PROVIDED DATA
________
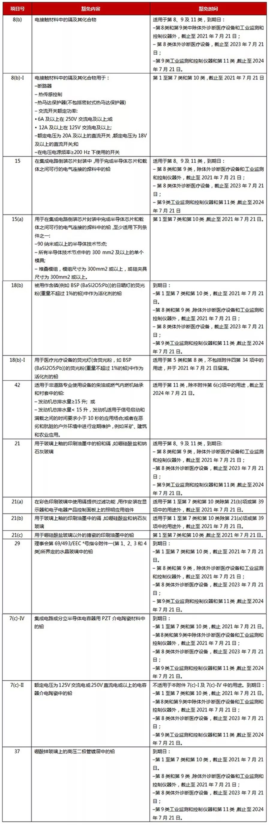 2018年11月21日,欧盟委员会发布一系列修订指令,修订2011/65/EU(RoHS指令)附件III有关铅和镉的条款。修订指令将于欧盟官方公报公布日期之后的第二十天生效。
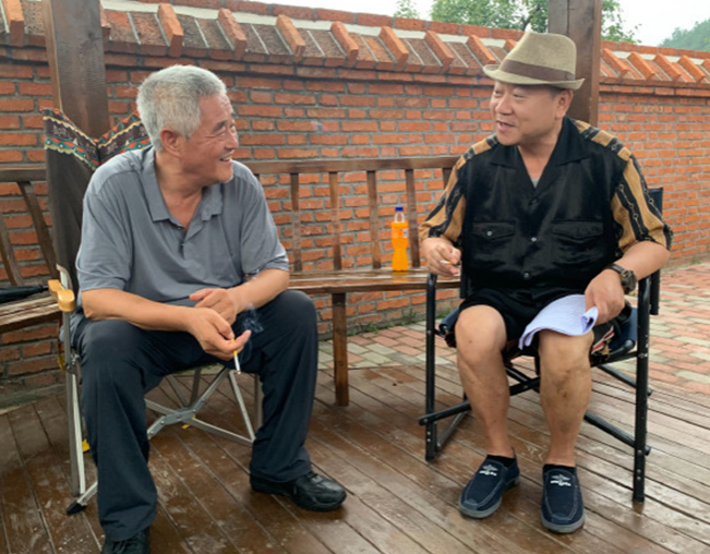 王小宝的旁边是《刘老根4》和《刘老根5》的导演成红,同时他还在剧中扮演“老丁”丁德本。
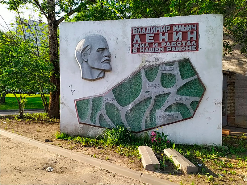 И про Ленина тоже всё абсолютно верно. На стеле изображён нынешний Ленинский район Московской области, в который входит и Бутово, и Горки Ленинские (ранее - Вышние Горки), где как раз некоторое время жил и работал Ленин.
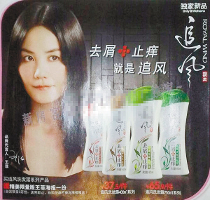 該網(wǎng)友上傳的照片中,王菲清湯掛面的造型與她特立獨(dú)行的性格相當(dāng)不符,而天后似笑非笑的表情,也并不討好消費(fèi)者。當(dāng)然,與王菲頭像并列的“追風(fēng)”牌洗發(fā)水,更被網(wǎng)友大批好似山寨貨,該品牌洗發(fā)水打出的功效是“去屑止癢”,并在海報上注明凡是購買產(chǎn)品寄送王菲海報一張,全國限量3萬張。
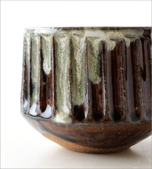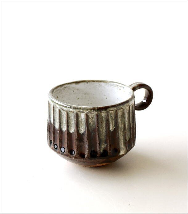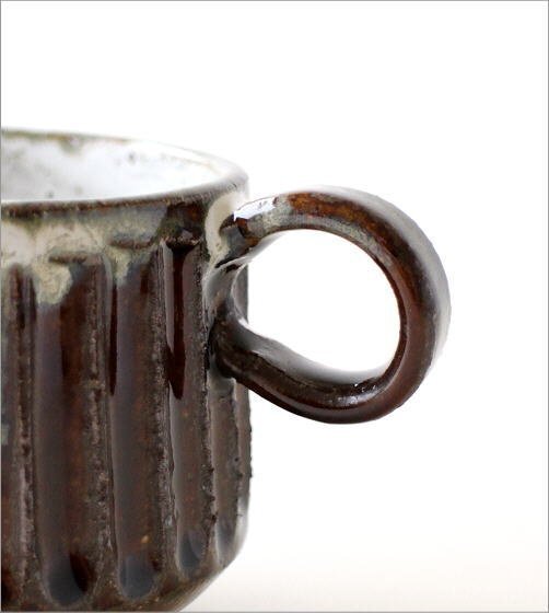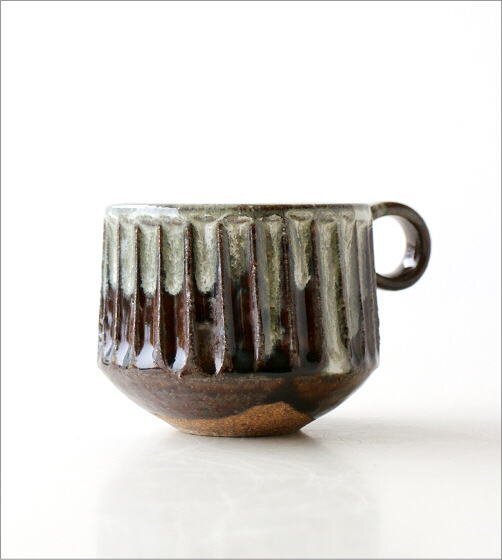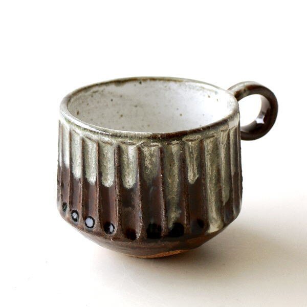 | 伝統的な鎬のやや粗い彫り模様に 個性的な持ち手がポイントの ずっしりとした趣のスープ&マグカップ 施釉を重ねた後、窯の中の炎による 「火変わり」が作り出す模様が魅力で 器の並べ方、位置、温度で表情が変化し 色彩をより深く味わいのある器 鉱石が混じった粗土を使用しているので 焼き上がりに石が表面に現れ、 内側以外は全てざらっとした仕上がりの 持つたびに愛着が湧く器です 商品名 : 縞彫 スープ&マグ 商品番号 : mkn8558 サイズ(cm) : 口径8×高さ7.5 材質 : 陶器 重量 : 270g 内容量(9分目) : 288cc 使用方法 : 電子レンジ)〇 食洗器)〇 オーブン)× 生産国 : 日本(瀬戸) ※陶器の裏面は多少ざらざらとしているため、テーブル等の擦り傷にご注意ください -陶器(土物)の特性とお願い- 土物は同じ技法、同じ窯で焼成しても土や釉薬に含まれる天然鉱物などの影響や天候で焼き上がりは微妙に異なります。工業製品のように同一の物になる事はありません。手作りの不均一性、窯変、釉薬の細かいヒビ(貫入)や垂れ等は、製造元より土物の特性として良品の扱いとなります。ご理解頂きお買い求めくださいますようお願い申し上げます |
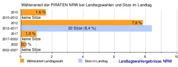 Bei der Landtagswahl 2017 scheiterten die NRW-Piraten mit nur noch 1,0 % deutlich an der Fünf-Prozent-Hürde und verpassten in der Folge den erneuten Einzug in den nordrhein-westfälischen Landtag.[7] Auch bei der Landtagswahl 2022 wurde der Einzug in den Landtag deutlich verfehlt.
________
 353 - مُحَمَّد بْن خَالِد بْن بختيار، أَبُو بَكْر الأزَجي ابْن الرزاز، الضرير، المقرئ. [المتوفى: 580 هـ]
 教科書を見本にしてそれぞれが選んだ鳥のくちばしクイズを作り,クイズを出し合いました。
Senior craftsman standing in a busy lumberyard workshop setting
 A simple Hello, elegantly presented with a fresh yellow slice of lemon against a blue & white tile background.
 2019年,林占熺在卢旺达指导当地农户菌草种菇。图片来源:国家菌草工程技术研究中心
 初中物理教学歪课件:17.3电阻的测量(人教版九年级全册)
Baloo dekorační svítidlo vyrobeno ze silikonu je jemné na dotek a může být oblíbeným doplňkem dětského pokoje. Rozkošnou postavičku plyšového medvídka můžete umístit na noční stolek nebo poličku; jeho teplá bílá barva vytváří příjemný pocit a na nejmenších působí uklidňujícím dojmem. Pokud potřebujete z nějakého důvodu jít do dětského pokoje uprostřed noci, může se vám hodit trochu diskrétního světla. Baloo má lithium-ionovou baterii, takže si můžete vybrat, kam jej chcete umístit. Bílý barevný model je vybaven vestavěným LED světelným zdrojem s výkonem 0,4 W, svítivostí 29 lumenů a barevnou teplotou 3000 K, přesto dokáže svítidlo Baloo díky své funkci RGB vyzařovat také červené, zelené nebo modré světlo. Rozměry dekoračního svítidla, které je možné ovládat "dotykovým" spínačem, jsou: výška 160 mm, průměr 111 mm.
________
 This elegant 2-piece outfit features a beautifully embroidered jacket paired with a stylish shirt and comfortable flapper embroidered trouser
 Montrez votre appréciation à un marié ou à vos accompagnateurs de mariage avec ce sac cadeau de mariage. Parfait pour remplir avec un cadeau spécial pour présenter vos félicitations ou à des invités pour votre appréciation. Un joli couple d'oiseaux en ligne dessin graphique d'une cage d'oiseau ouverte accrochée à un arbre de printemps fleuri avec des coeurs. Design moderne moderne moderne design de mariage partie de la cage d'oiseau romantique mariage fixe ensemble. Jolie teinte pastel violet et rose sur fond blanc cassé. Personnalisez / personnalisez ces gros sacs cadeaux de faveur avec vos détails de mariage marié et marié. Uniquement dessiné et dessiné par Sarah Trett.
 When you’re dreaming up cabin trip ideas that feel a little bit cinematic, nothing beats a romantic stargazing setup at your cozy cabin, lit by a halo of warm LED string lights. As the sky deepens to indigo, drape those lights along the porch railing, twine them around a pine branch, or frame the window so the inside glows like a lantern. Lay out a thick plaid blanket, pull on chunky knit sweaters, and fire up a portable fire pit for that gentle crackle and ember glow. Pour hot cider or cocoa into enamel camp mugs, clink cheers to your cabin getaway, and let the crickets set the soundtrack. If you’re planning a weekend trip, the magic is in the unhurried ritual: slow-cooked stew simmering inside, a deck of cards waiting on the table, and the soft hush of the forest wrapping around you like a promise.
________
DESCRIPTION OF THE TASK
From the records above, print exactly the lines that run from the line with "2019年,林占熺在卢旺达指" to the line with "Baloo dekorační svítidlo", inclusive.

EXERCISE RESULT
 2019年,林占熺在卢旺达指导当地农户菌草种菇。图片来源:国家菌草工程技术研究中心
 初中物理教学歪课件:17.3电阻的测量(人教版九年级全册)
Baloo dekorační svítidlo vyrobeno ze silikonu je jemné na dotek a může být oblíbeným doplňkem dětského pokoje. Rozkošnou postavičku plyšového medvídka můžete umístit na noční stolek nebo poličku; jeho teplá bílá barva vytváří příjemný pocit a na nejmenších působí uklidňujícím dojmem. Pokud potřebujete z nějakého důvodu jít do dětského pokoje uprostřed noci, může se vám hodit trochu diskrétního světla. Baloo má lithium-ionovou baterii, takže si můžete vybrat, kam jej chcete umístit. Bílý barevný model je vybaven vestavěným LED světelným zdrojem s výkonem 0,4 W, svítivostí 29 lumenů a barevnou teplotou 3000 K, přesto dokáže svítidlo Baloo díky své funkci RGB vyzařovat také červené, zelené nebo modré světlo. Rozměry dekoračního svítidla, které je možné ovládat "dotykovým" spínačem, jsou: výška 160 mm, průměr 111 mm.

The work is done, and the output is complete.